I just got my boy's OFA results today and am so happy I can hardly stand it! The boy's hips are officially excellent and his elbows are normal! My perfect dog is still perfect!

I got my boy, Spyder, from Bill and Jen at http://www.kulladogs.com/

Now I can continue to exercise, jump, and compete with him like crazy without worry.


----------



## onyx'girl (May 18, 2007)

Congrats to you, Spyder and the Kulla's breeding program!
Is Spyder a Kway pup?


----------



## jenedge24 (Dec 5, 2009)

Yeah, congrats!!! I hope you guys have many successful competitions and many, many great healthy years together!!!


----------



## Jason L (Mar 20, 2009)

Congrats! Awesome news.


----------



## mnm (Jan 9, 2006)

Congratulations!!! OFA Excellent is fantastic!!!!!!!


----------



## Chicagocanine (Aug 7, 2008)

That is great news! We need more "excellent" GSDs.


----------



## Elaine (Sep 10, 2006)

"Is Spyder a Kway pup?"

Yes. He's out of Kway and Kenna and I have yet to find anything he doesn't excel at. What a great dog!


----------



## Castlemaid (Jun 29, 2006)

That's really awesome!! Congratulations, you must be so happy!


----------



## Ruthie (Aug 25, 2009)

Congrats!
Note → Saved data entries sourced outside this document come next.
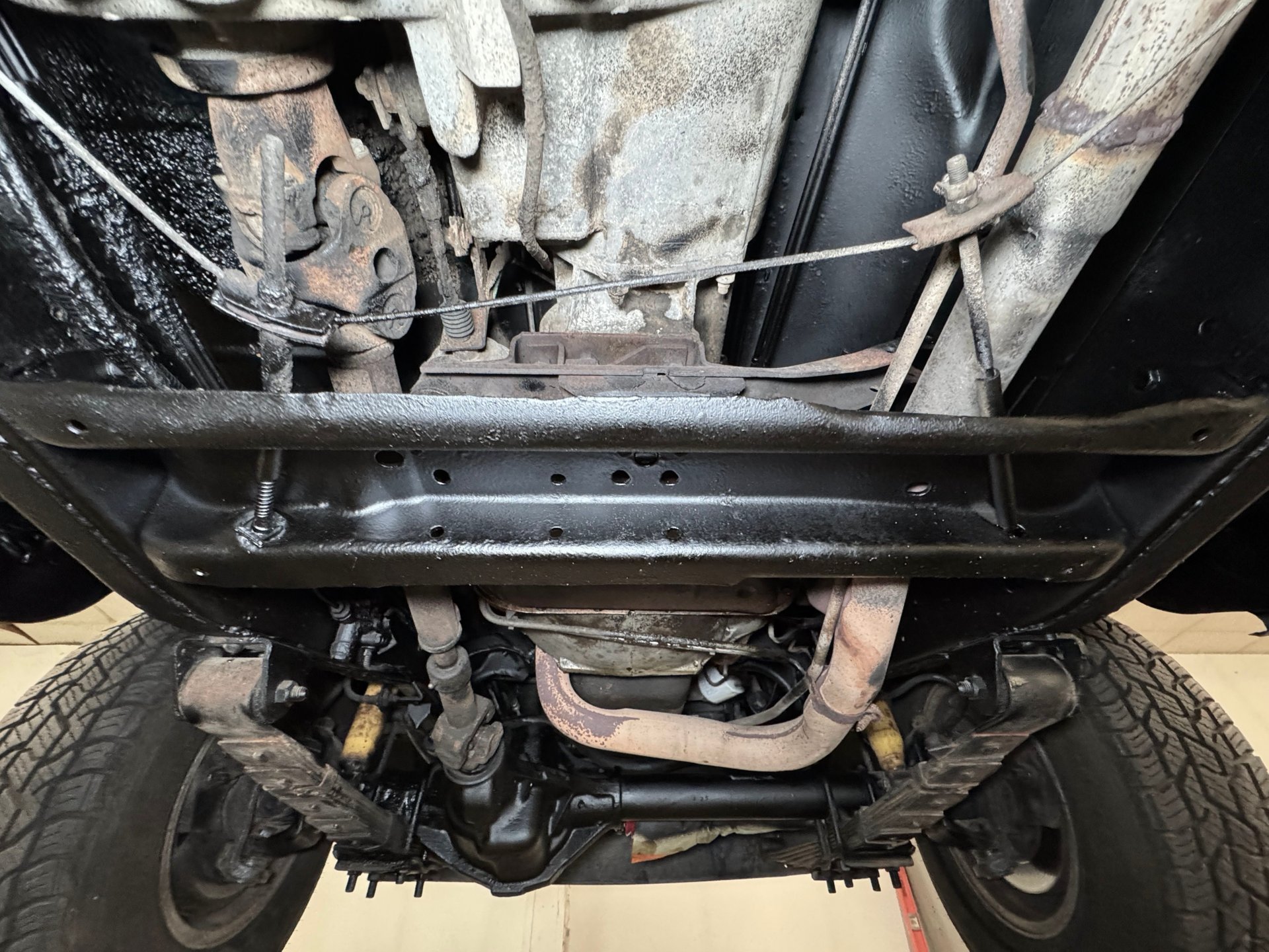 Fresh looking black paint mixes with typical patina of the componentry under the truck for an overall clean appearance. A single exhaust system flows through a stock style muffler, exiting via steel pipe behind a rear wheel. Power brakes are present and accounted for with disc in front and drum in the back and leaf springs are employed front and rear.
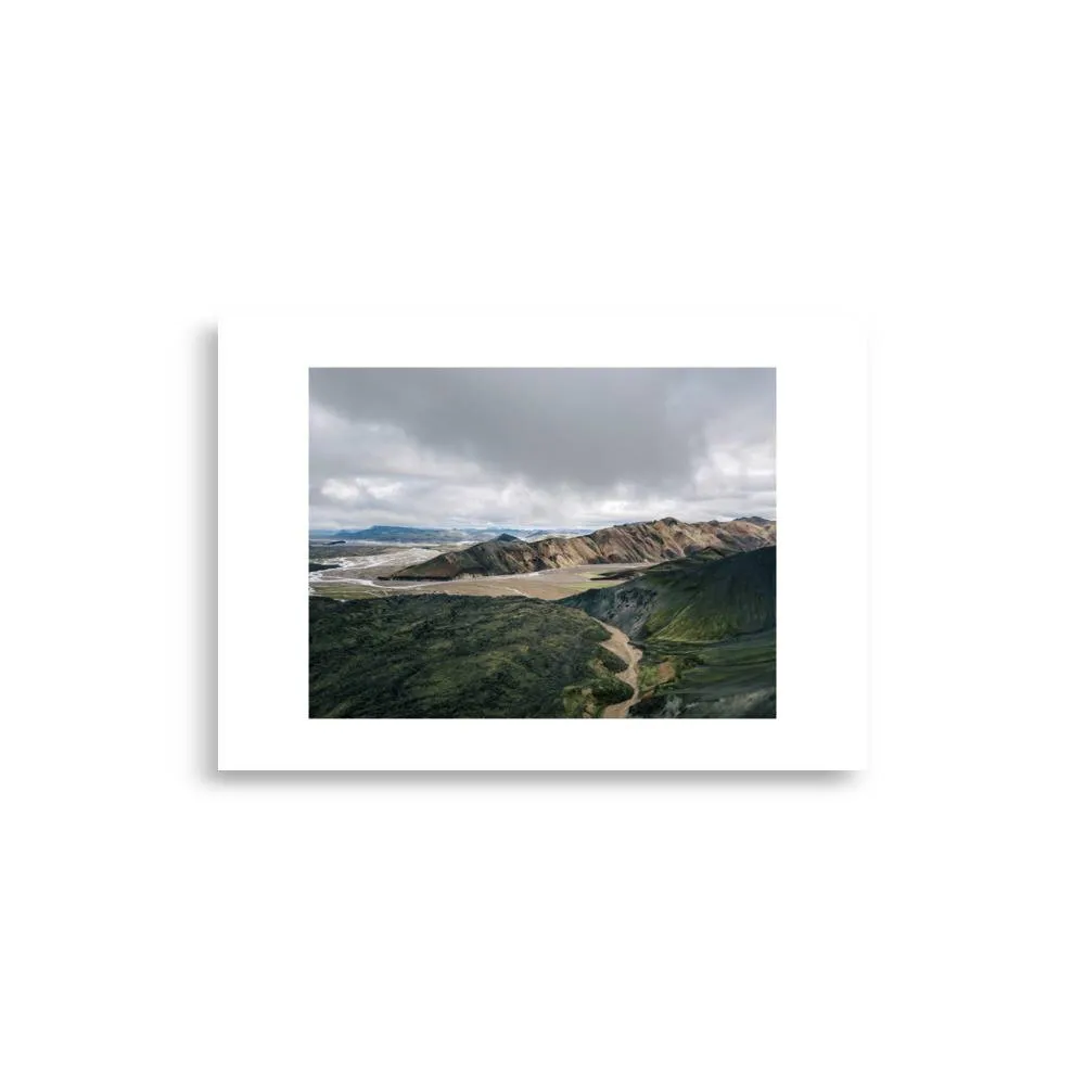 Ein überwältigendes Foto der Landmannalaugar-Region: Bunte Rhyolith-Berge in Braun, Grün und Rot erheben sich unter einem dramatischen Himmel, durchzogen von kleinen Flüssen und moosigen Tälern – eines der schönsten und wildesten Juwelen Islands.
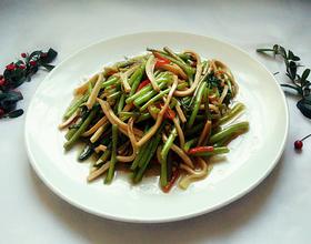 茼蒿茎部分切成·寸段,叶子留下,葱和辣椒切成细丝
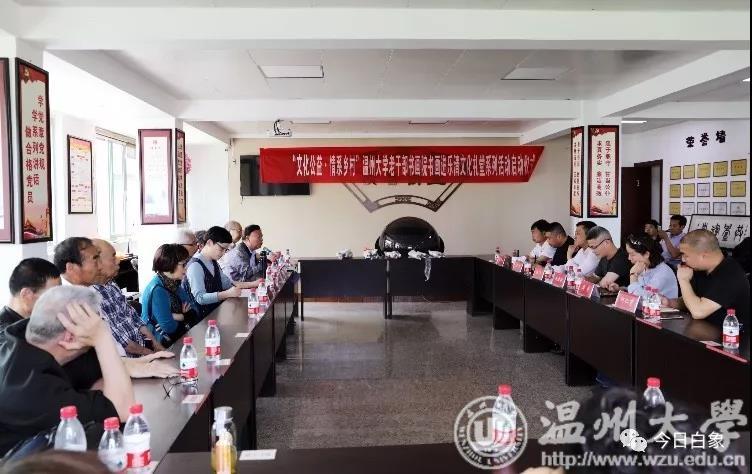 51吃瓜 老干部书画院与琯头文化礼堂因年初的小白鹭·新青年下乡暖冬行动结下不解之缘,此次51吃瓜 老干部书画院的老师们再次来到琯头文化礼堂,双方都感慨不已。乐清市委宣传部部务成员洪蛮主持座谈会。
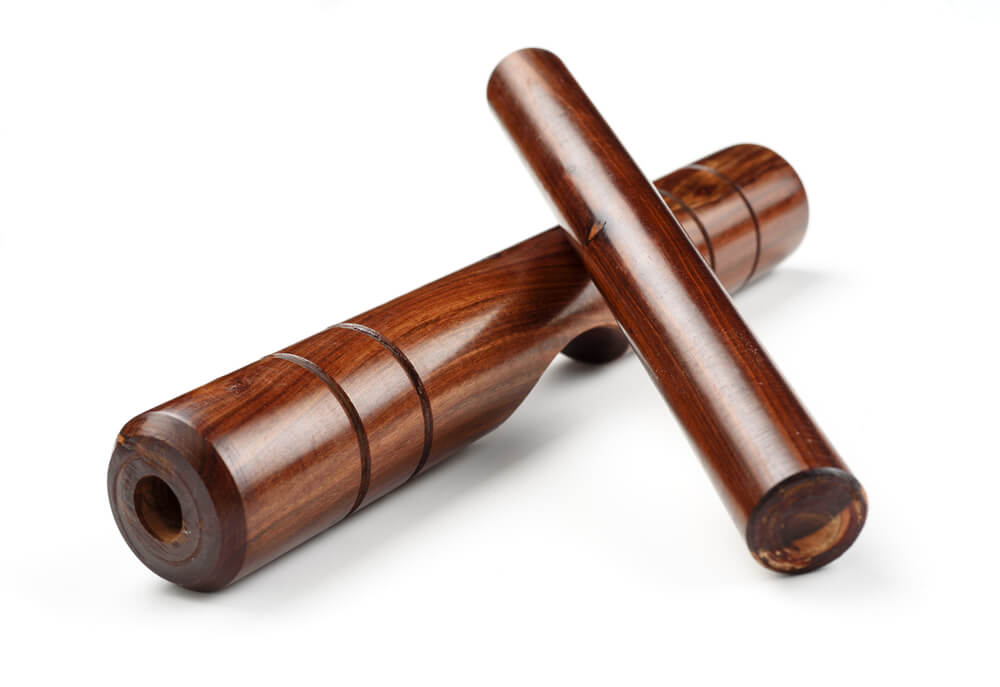 En plural, porque vienen en un par, son dos barras de madera de unos 25 cm que generan un sonido agudo al golpearlas entre sí.
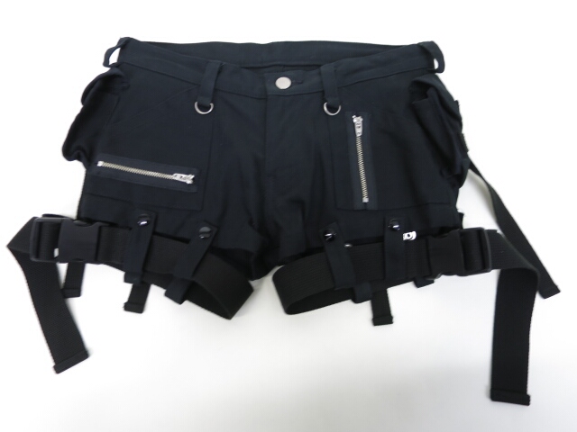 ■ベルト付きミリタリーショートパンツ 黒 セクシーダイナマイトロンドンのStIGMAtAやAddictionのデザイナーを担当されていたKENZO-Aのオリジナルブランドです。ポケットやベルトのたくさんついたミリタリーなデザインのショートパンツです。 |
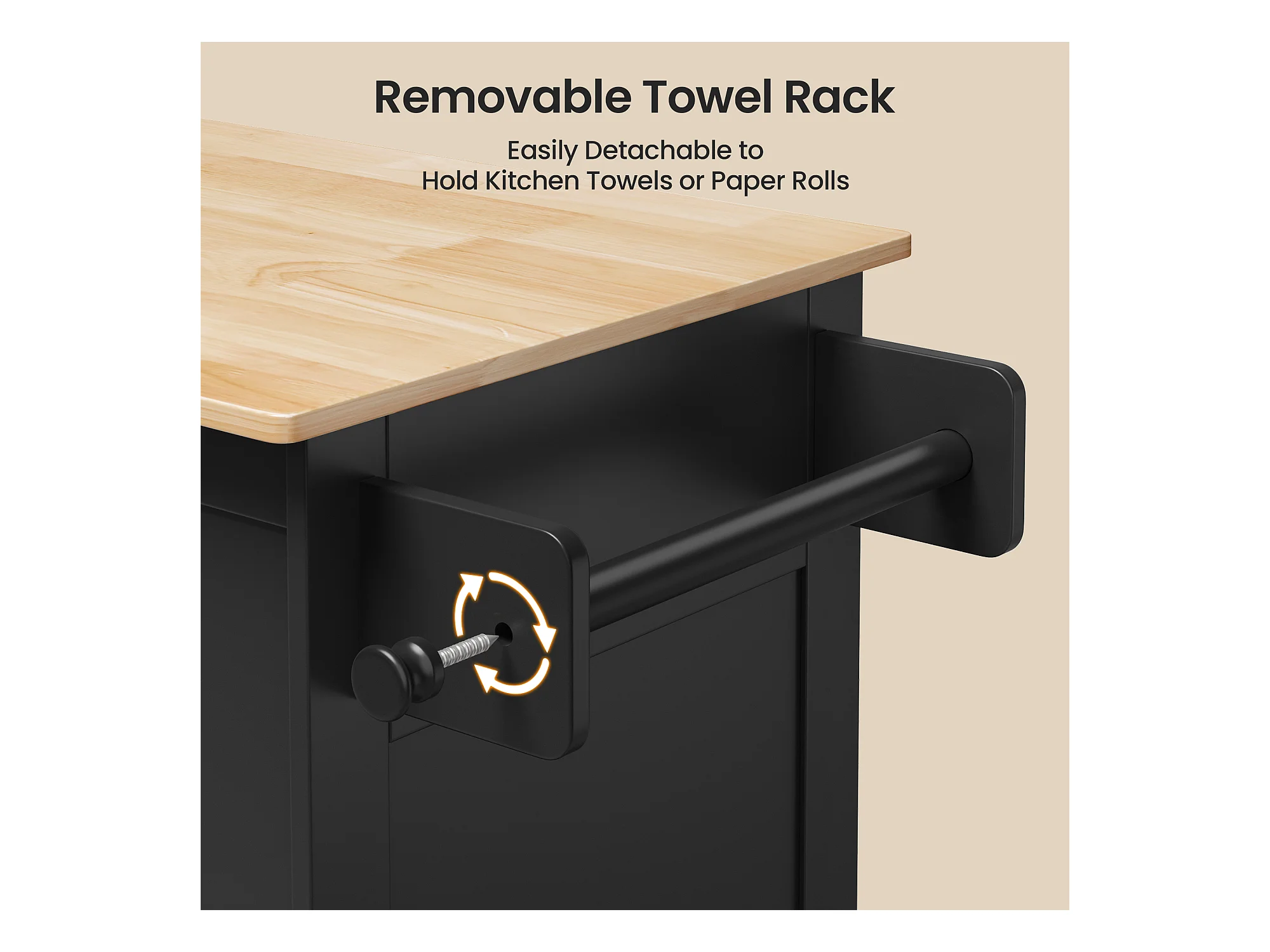 Desserte de cuisine noire (118×43×98 cm), avec roulettes, plateau bois, rangements modulables et porte-serviette
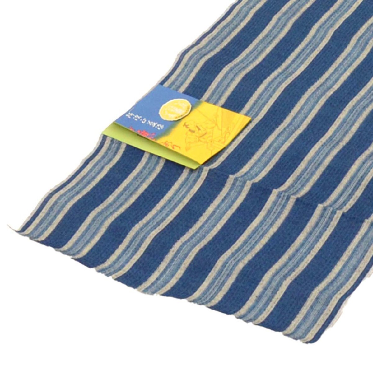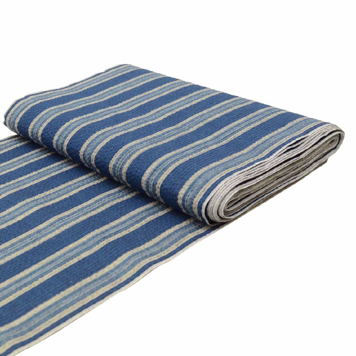 紺や青色に縞文様が施された、女物の小紋のリサイクル反物です。
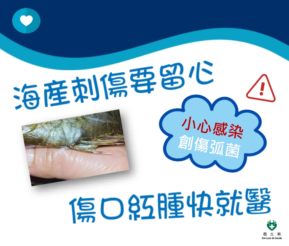 患者是75歲女性,本澳居民,有慢性病史。5月24日下午在家中處理魚時不慎被刺傷右手手指;25日凌晨出現發熱及刺傷部位腫痛,到仁伯爵綜合醫院就醫,診斷為右手手指壞死性筋膜,需入院進行傷口清創及抗生素藥物治療。經實驗室檢測傷口分泌物樣本證實為創傷弧菌感染,6月23日因右手手指壞死接受手術治療,現已康復出院,患者同住家人無相似病徵。
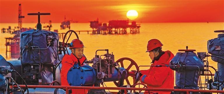 2月17日,中国石化胜利油田埕岛中心三号平台,员工迎着新年第一缕阳光巡检设备。春节期间,各行各业劳动者扎根一线,坚守岗位,传递别样年味和温暖。张 灿摄(中经视觉)
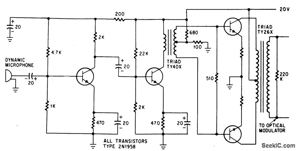 Audio driver delivers 300 v peak. to peak to KDP optical modulator controlling gas laser.-C. J. Peters et al., Laser-Television System Developed With Off-The Shelf Equipment, Electronics, 38:3, p 75-78.
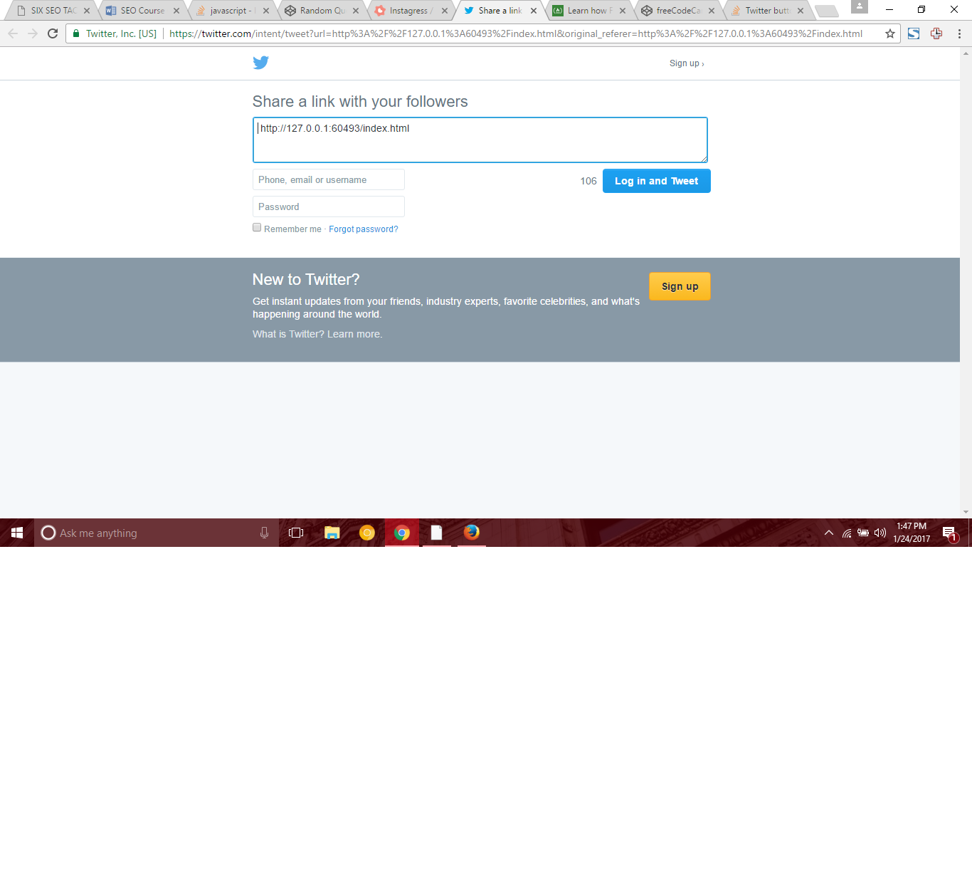 你不会想要那样的。该链接没有数据被传递,因此twitter是默认的URL作为twitter.com/intent/tweet?url=&original_referer=,它生成文本作为您来自的URL。(就你而言,这是你的本地人)。

That is awesome for you and for Spyder


----------



## luvsables (May 7, 2007)

Congrats Elaine, I don't think there is a Kway pup that has been certfied that did not pass with a "good" or "excellent.


----------



## Deejays_Owner (Oct 5, 2005)

A big









We have a Kway daughter here too, what a little firecracker!!


----------



## GSDBESTK9 (Mar 26, 2002)




----------